Although the data below holds other lines too, output only those from the line with "Исключить озеро из" up to and including the line with "Linen shirt, front", exactly as they appear.

INPUT RECORDS Start Marker

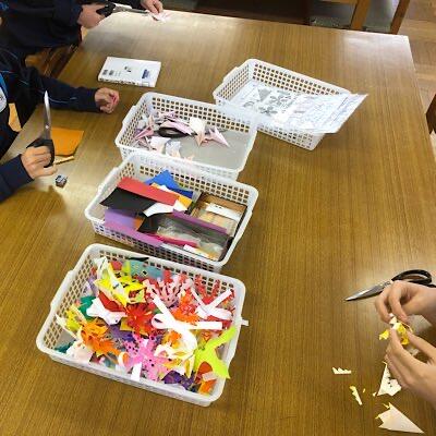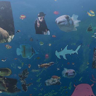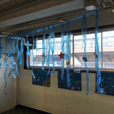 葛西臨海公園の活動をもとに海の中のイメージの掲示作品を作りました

INPUT RECORDS End Marker
INPUT RECORDS Start Marker

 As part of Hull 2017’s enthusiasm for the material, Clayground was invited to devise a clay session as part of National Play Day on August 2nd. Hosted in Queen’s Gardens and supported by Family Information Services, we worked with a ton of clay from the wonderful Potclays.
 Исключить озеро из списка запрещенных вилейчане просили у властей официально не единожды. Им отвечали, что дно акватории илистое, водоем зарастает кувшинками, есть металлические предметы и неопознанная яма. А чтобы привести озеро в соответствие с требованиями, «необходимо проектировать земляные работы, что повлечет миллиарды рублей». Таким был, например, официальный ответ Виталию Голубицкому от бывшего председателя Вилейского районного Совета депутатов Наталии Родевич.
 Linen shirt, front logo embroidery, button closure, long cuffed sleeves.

INPUT RECORDS End Marker

• EXERCISE SOLUTION:
 Исключить озеро из списка запрещенных вилейчане просили у властей официально не единожды. Им отвечали, что дно акватории илистое, водоем зарастает кувшинками, есть металлические предметы и неопознанная яма. А чтобы привести озеро в соответствие с требованиями, «необходимо проектировать земляные работы, что повлечет миллиарды рублей». Таким был, например, официальный ответ Виталию Голубицкому от бывшего председателя Вилейского районного Совета депутатов Наталии Родевич.
 Linen shirt, front logo embroidery, button closure, long cuffed sleeves.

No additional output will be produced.